Message: Posted by: twistedace (Apr 20, 2008 09:19PM)
How long did it take everyone to memorize their stacks? I'm just starting today because I was really inspired by Bill Malone's Hands Off Memory Test. It has so many great aspects to it. I'm VERY intimidated by learning the memorized deck.
Message: Posted by: BarryFernelius (Apr 20, 2008 09:30PM)
Four to five hours to get to a point where I knew every card's number and the number for every card -- but with a bit of thought.

It took about one month to get to a point where I knew the stack with no hesitation.
Message: Posted by: The Amazing Noobini (Apr 21, 2008 04:06AM)
For me it took a lot longer. I think it was 3 or 4 months at least. Maybe 5 before I could recall the cards with some degree of speed. Then again I had been to a doctor complaining about memory lapses not long prior to this.

I have also noticed that certain things are taking a lot longer to learn now compared to when I was in my 20s. Especially linguistic stuff. I'm looking up the same words in my Spanish studies that I looked up last year. They don't seem to want to stick.

We all have different learning speeds really. It takes as long as it takes. Don't be surprised if some miracle memorization technique you read here doesn't work well for you at all.

But don't be discouraged. If I managed to learn a stack then you certainly can. Start now! Unlike a lot of other magic it doesn't cost you anything. You'll love knowing a stack, trust me. It is a wonderful thing.
Message: Posted by: spycrapper (Apr 21, 2008 04:36AM)
Does it matter? even if it takes many years I think it's worth very well..
as for myself, fortunately, I succeed in memorizing the whole deck in about 4-5 days. I can remember all the cards in order, but I have to think for about 10 seconds or even more each time. After a month or so I can remember all the cards rapidly, that is the card names and the stack numbers.
Memorize any (good) stack and learn memorized deck magic, you will not regret it!
Message: Posted by: Jon_Thompson (Apr 21, 2008 05:12AM)
About 5 minutes. I use Si Stebbins.
Message: Posted by: Cohiba (Apr 21, 2008 09:34AM)
Jon must have a photographic memory.
Message: Posted by: Jon_Thompson (Apr 21, 2008 09:38AM)
I wish! It's algorithmic. ;) (The stack, not my memory!)
Message: Posted by: Cohiba (Apr 21, 2008 10:02AM)
Hi Jon:

There are MANY threads over the past 5+ years that explain why a memorized deck is much more powerful than an algorithmic stack. I'm sure the original poster knows that that you can learn the calculation for a cyclical stack in a matter of minutes. However, that doesn't accomplish what he wants to accomplish. It would be akin to responding "It took me 3 hours to master my double lift." That doesn't have anything to do with his original question.
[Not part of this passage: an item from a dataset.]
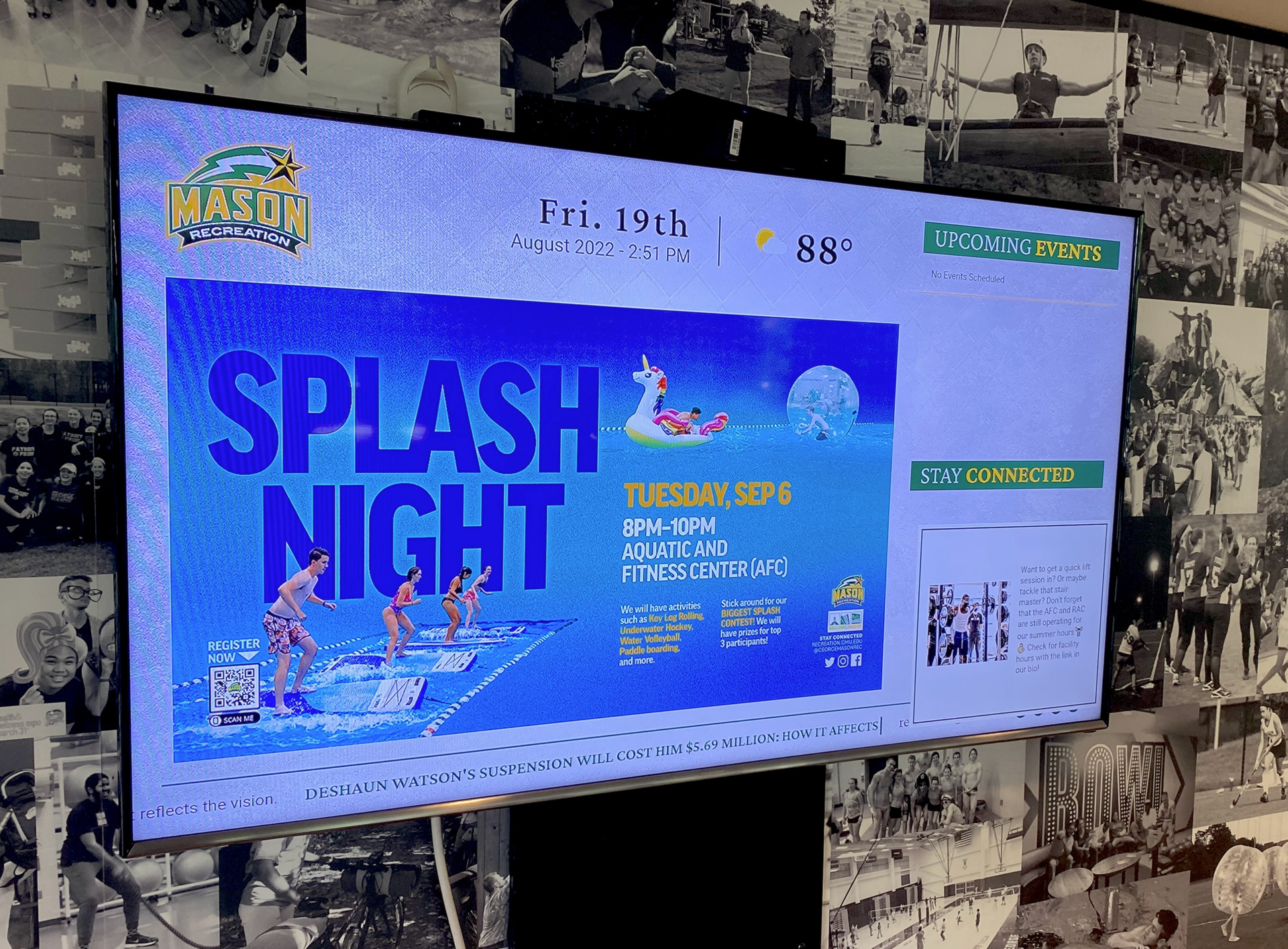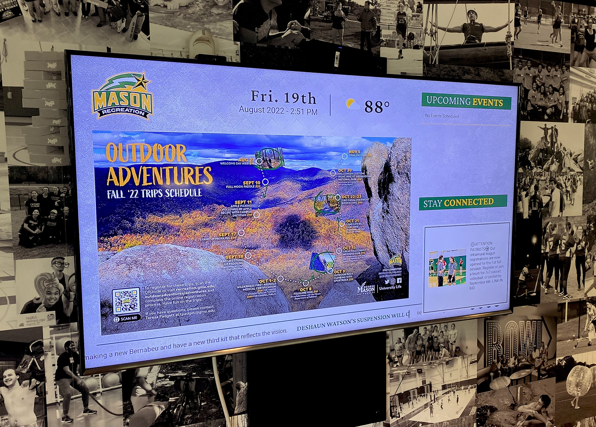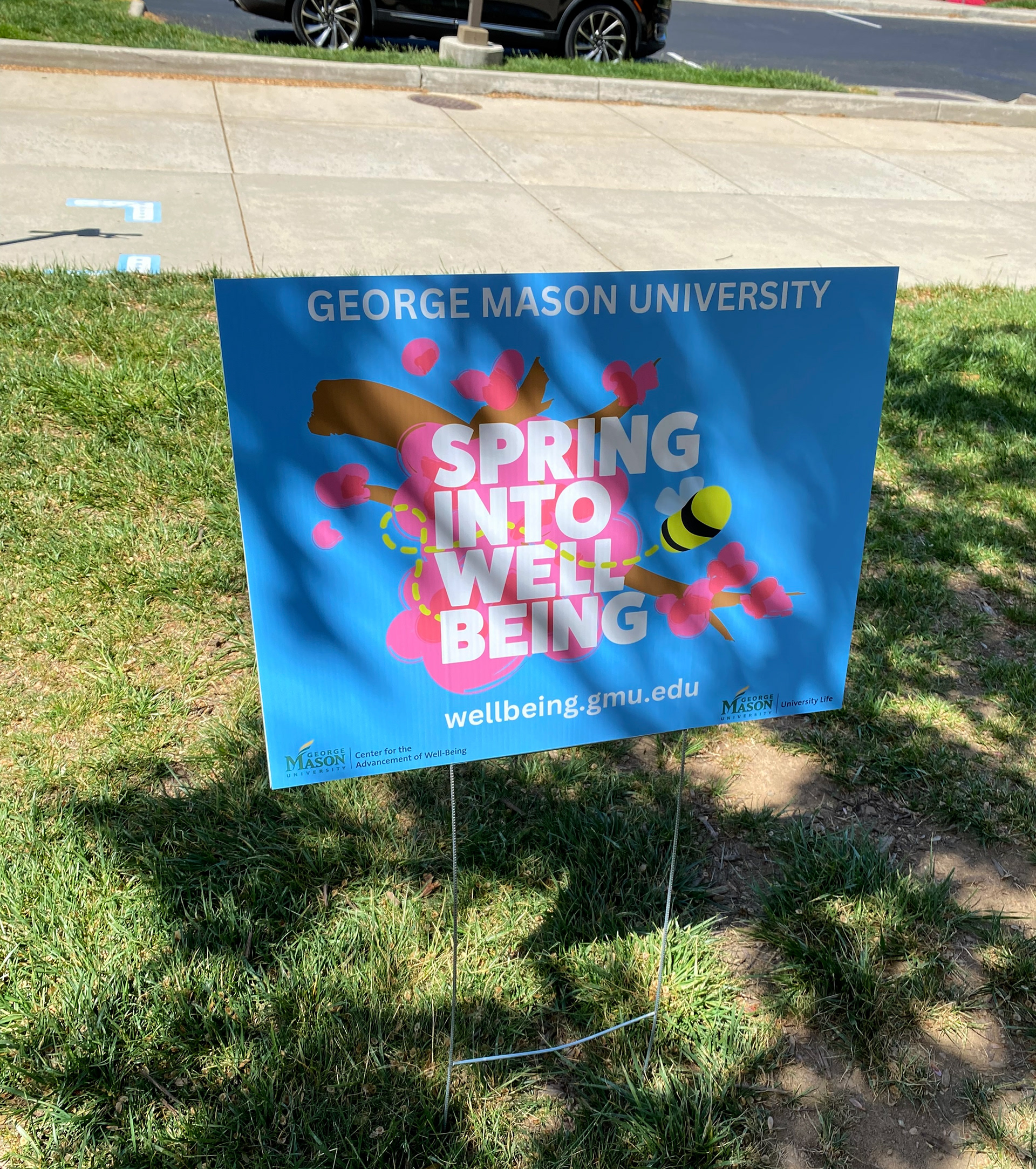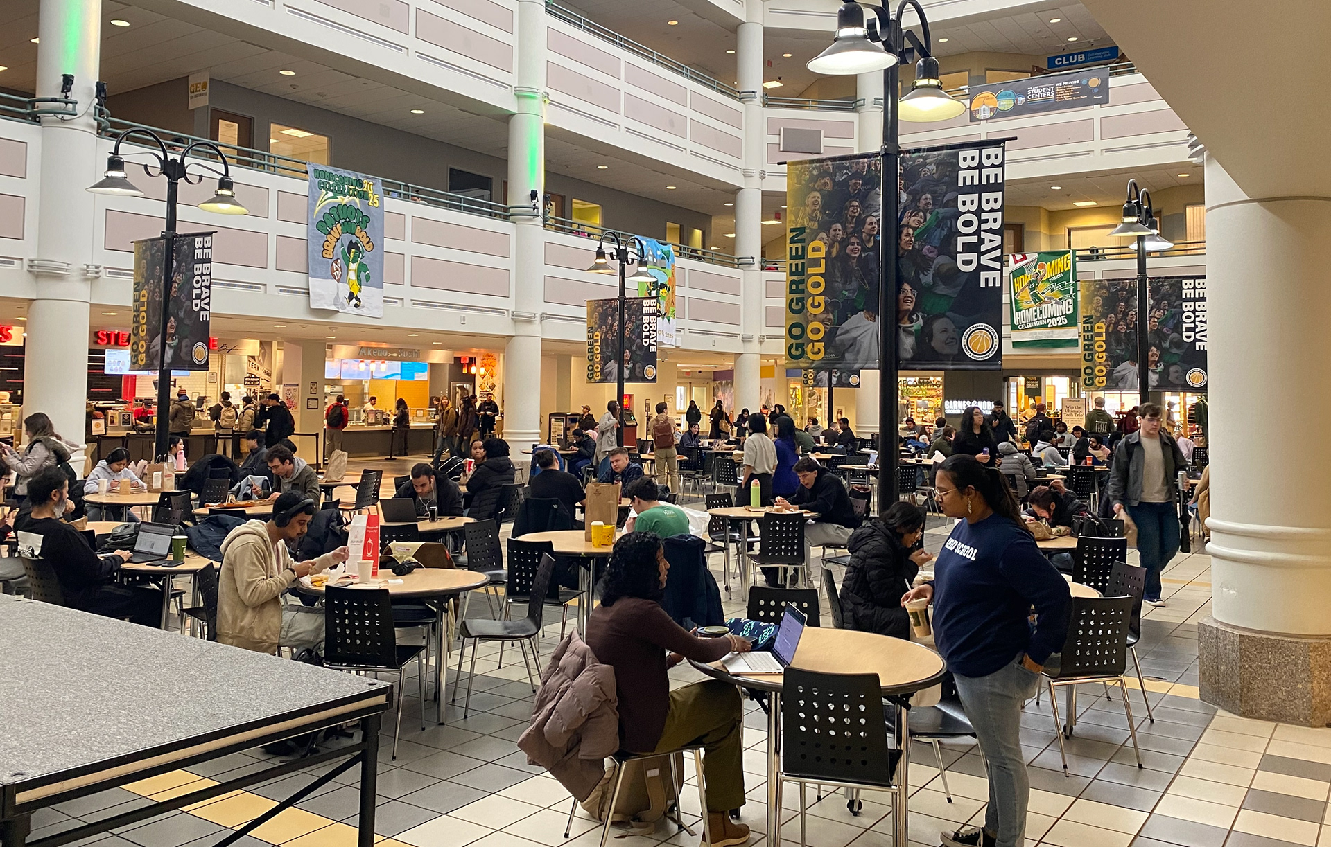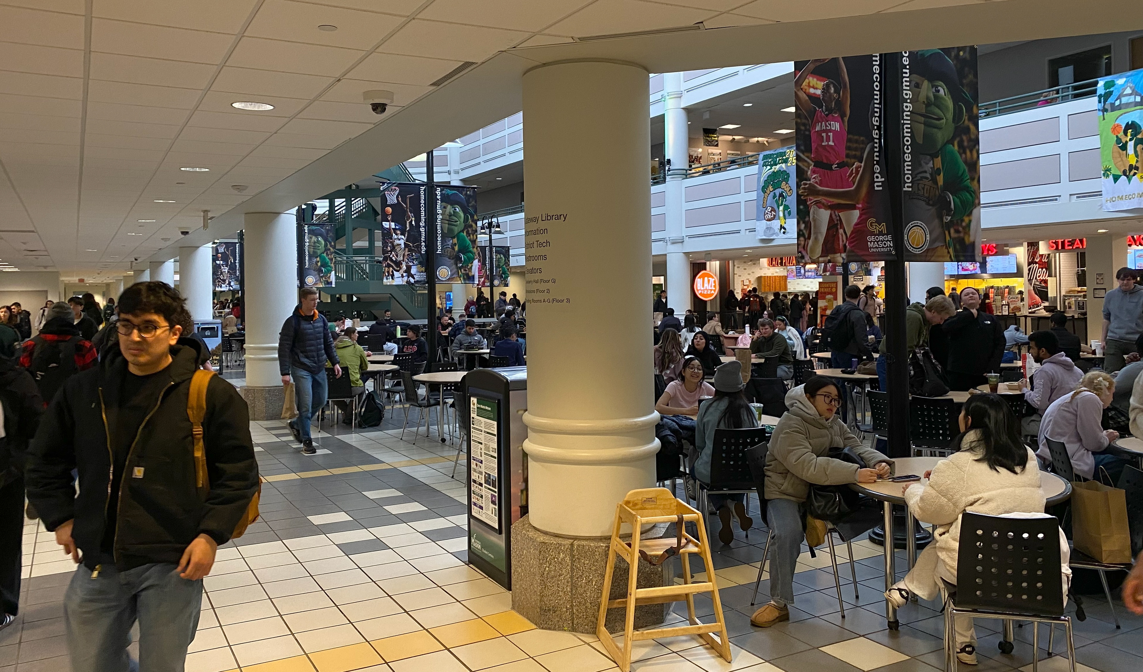 Banners from the marketing campaign for George Mason's Homecoming event in Spring 2025. The photos show the banners hanging in the Johnson Center building, as well as other locations around campus.

Anyway, my memory is neither photographic, algorithmic, or stacked, unfortunately.
Message: Posted by: Cohiba (Apr 21, 2008 10:06AM)
Jon:

I just checked out your website - it sounds like you have some cool stuff on mentalism using stacks. I'm surprised you haven't memorized a deck! It seems that you especially (using mentalism with cards) would gain a lot of benefit from one. Any particular reasons why you haven't?
Message: Posted by: Jon_Thompson (Apr 21, 2008 10:32AM)
Hi Cohiba,

My memory is terrible!

It's something I want to get into, though. To overcome the memory thing, I realised I'd have to design my own. I began doing so a while back, but the project stalled due to other commitments. I got as far as defining all the hidden properties I wanted it to possess, and the handling I wanted it to be able to survive, and constructed a basic outline. Perhaps I should revisit it properly.
Message: Posted by: Cohiba (Apr 21, 2008 12:35PM)
Jon -

Definitely do so! I think you'll find it's not as hard as you think - it just takes work, as does anything worthwhile. I'd recommend the mnemonic method - that worked well for me. Figuring out which stack to use is the hard part - it sounds like you have something that fits your performing style. Now it's just busy work.

Good luck!
Message: Posted by: todsky (Apr 21, 2008 05:18PM)
Take your time memorizing it, there's no hurry. Took me about two months to memorize the Aronson stack. I did it in four parts: stack numbers 1-13, 14-26, 27-39, and finally 40-52. (Less intimidating that way). Now I have a secret weapon... moohahaha!
Message: Posted by: scody (Apr 21, 2008 05:26PM)
The first time: Two or three days (5-7 hours)
The Second time (about three months after): one or two days (4-5 hours)
The third time (about three months after the second time): one day (2 hours)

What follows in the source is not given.